Start of The data

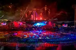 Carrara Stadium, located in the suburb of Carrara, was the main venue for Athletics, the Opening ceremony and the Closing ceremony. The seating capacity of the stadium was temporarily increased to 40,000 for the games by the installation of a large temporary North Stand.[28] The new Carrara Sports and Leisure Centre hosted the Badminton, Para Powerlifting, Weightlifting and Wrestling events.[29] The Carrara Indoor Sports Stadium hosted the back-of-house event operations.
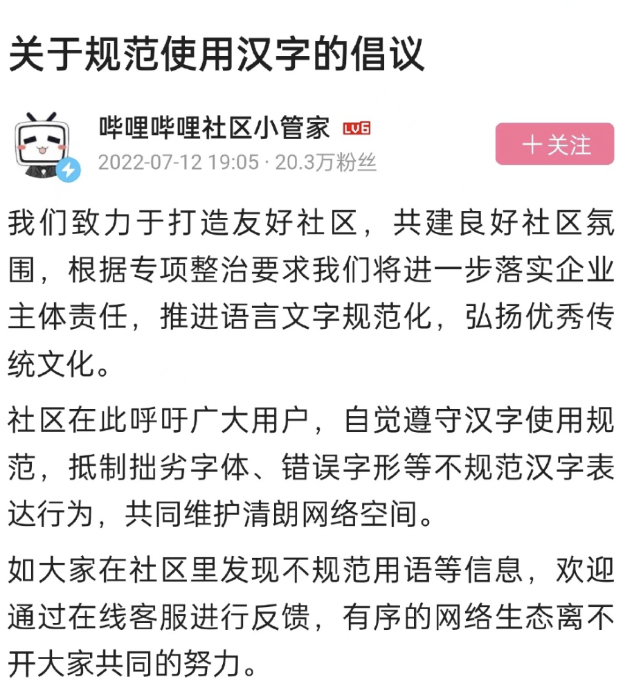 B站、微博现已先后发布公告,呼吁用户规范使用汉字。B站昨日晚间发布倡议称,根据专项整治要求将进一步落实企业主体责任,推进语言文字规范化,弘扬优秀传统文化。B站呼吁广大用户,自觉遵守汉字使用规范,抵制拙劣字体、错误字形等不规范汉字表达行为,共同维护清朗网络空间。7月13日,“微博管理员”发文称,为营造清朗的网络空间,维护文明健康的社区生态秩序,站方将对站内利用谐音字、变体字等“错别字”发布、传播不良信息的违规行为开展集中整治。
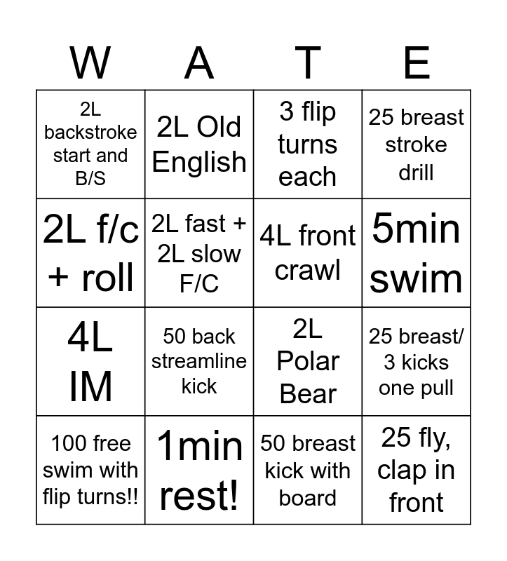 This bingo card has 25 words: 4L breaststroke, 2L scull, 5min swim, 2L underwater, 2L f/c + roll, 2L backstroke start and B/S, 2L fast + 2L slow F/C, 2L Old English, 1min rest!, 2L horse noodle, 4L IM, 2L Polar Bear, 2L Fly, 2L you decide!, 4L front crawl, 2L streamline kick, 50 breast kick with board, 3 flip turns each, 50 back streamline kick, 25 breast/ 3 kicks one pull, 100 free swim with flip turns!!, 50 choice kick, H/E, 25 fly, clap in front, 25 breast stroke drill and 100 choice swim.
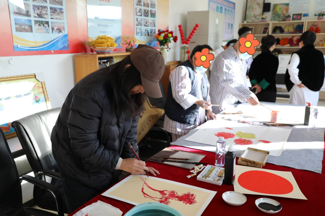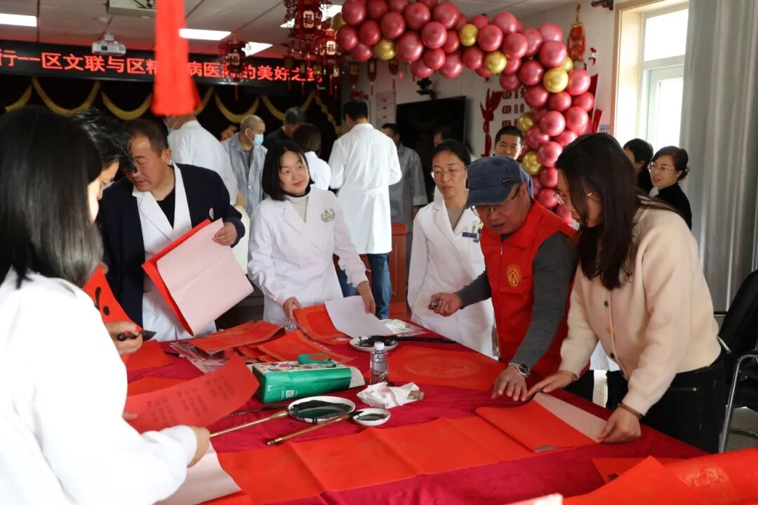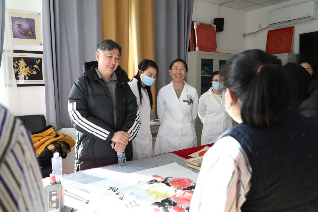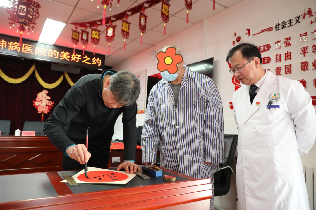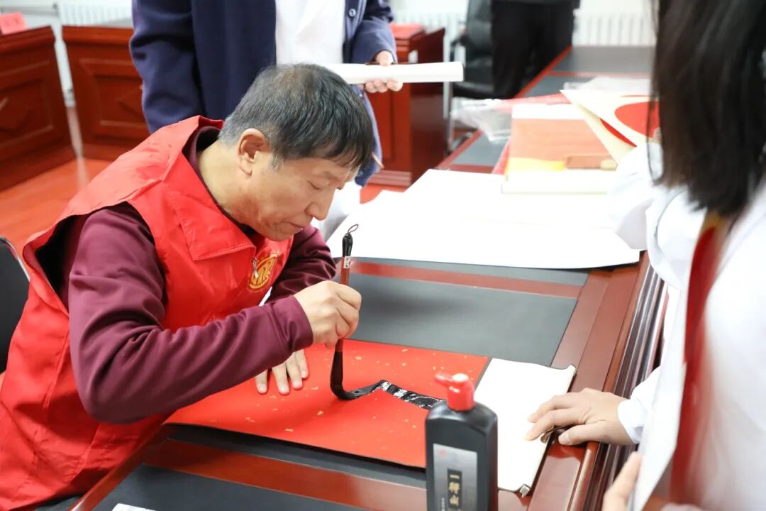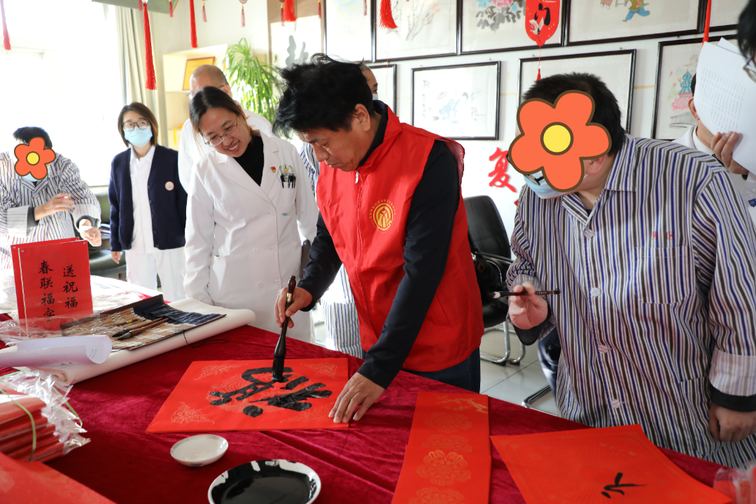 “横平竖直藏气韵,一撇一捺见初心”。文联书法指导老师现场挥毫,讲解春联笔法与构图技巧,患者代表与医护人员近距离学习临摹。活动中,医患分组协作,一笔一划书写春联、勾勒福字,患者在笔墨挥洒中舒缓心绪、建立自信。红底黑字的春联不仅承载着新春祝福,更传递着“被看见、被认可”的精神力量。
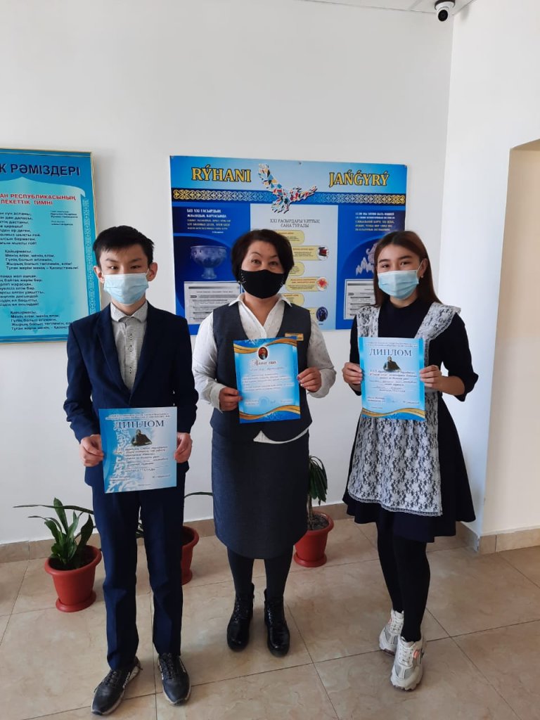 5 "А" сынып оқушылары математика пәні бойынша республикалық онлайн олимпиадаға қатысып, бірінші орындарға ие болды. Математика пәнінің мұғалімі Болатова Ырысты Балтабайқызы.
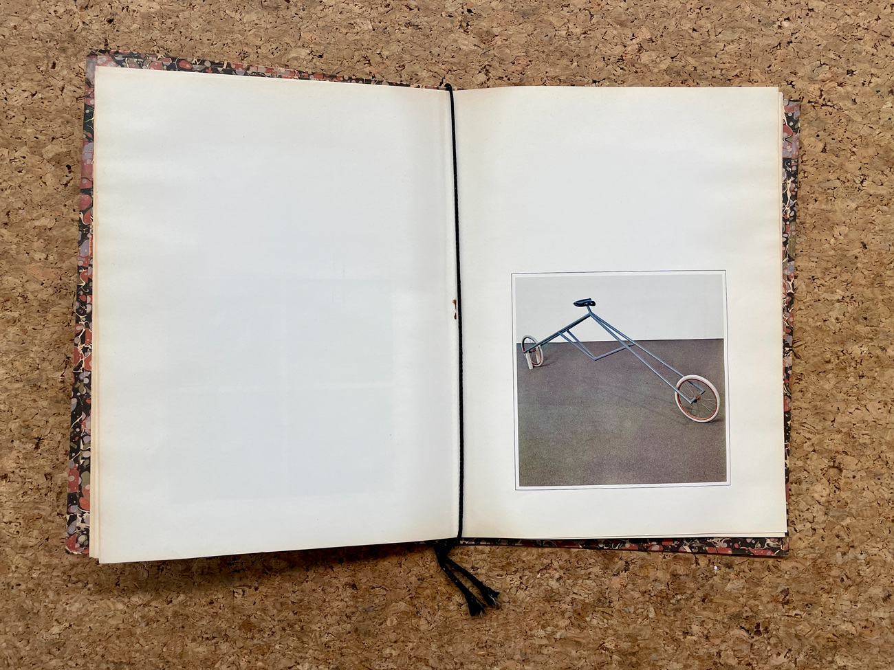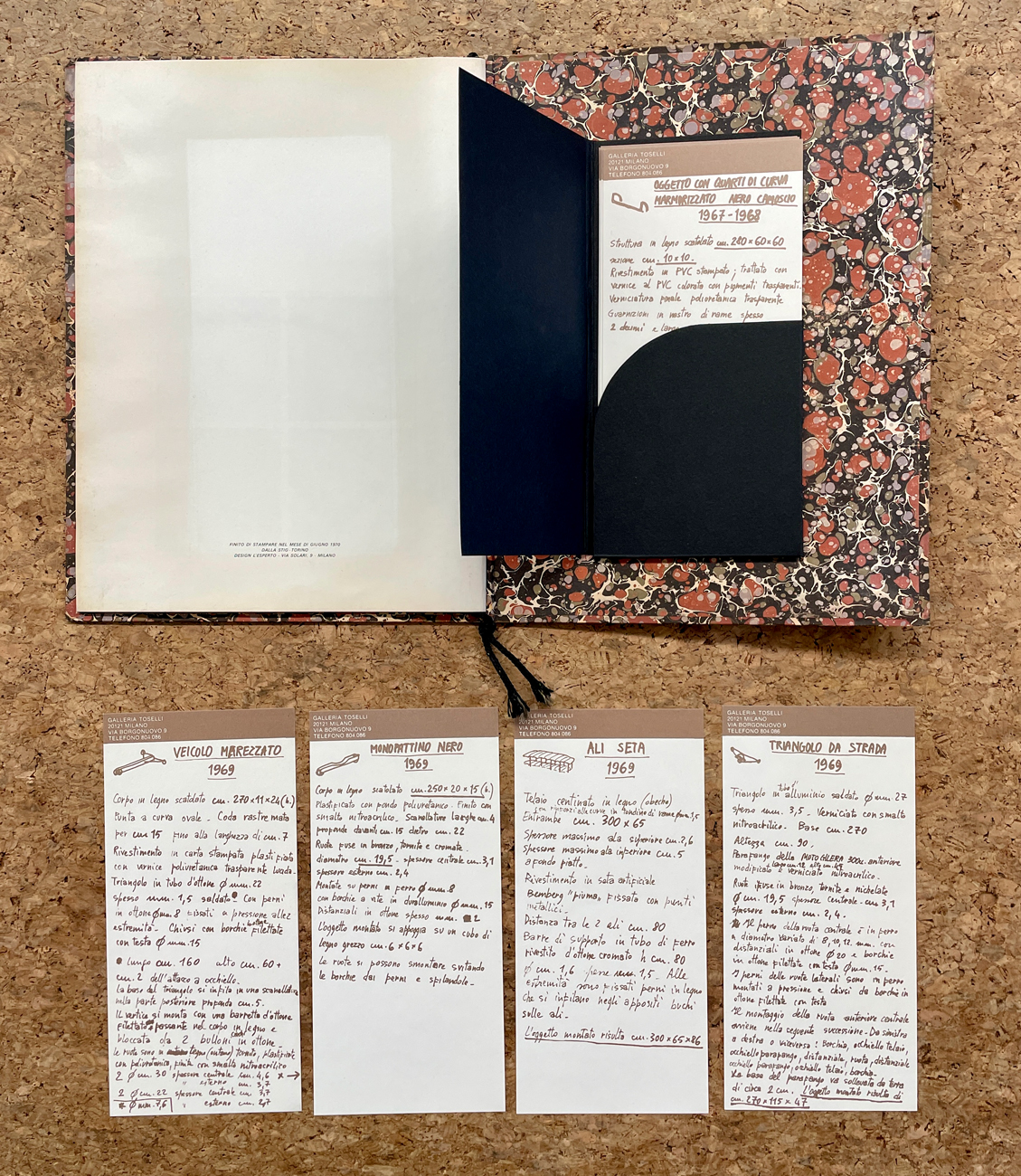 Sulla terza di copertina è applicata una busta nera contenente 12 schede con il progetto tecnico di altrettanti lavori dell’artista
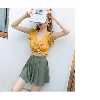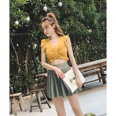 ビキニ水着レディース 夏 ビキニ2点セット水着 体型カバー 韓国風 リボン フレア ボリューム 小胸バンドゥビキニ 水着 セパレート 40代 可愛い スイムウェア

End of The data

» Exercise prompt: Exactly the lines from the one with "Болатова Ырысты Балтабайқызы." through the end of the records are to be repeated, both ends included, and pictures are to be omitted.

» Result for this task:
 5 "А" сынып оқушылары математика пәні бойынша республикалық онлайн олимпиадаға қатысып, бірінші орындарға ие болды. Математика пәнінің мұғалімі Болатова Ырысты Балтабайқызы.
 Sulla terza di copertina è applicata una busta nera contenente 12 schede con il progetto tecnico di altrettanti lavori dell’artista
 ビキニ水着レディース 夏 ビキニ2点セット水着 体型カバー 韓国風 リボン フレア ボリューム 小胸バンドゥビキニ 水着 セパレート 40代 可愛い スイムウェア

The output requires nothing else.